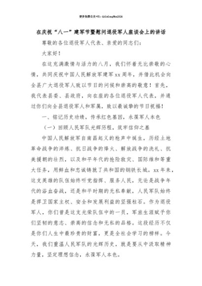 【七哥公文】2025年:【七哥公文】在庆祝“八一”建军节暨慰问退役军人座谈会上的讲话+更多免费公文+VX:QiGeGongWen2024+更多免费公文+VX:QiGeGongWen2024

-*-

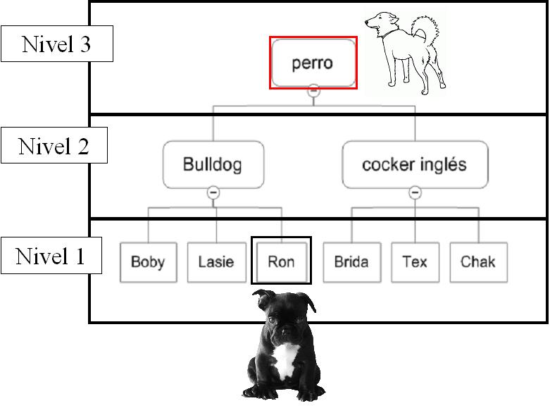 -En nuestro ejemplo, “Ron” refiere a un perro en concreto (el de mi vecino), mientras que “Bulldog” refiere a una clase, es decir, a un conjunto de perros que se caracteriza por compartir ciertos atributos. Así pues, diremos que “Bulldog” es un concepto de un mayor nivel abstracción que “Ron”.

-*-

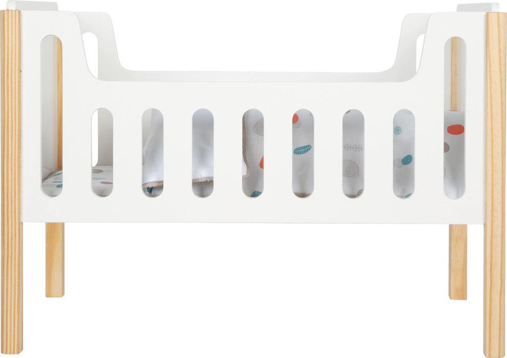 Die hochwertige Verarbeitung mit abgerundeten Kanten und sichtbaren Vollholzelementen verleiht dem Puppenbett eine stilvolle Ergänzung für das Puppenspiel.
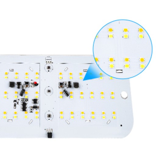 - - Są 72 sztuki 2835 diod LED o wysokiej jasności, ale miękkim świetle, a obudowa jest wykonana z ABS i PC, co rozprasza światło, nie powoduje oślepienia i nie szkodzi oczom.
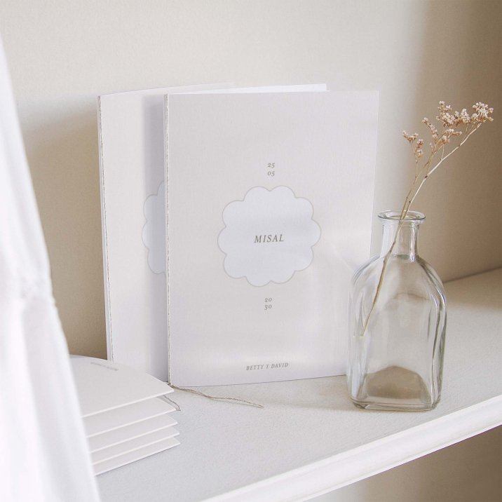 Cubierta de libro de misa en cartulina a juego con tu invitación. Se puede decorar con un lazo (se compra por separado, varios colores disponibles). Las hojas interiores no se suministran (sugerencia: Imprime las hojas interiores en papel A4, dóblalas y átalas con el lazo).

-*-

**What you will do**
Word for word, retype the lines in the entries above that run from the one with "- - Są 72 sztuki" through the one with "Cubierta de libro". Both ends count; pictures do not.

**Written response**
 - - Są 72 sztuki 2835 diod LED o wysokiej jasności, ale miękkim świetle, a obudowa jest wykonana z ABS i PC, co rozprasza światło, nie powoduje oślepienia i nie szkodzi oczom.
 Cubierta de libro de misa en cartulina a juego con tu invitación. Se puede decorar con un lazo (se compra por separado, varios colores disponibles). Las hojas interiores no se suministran (sugerencia: Imprime las hojas interiores en papel A4, dóblalas y átalas con el lazo).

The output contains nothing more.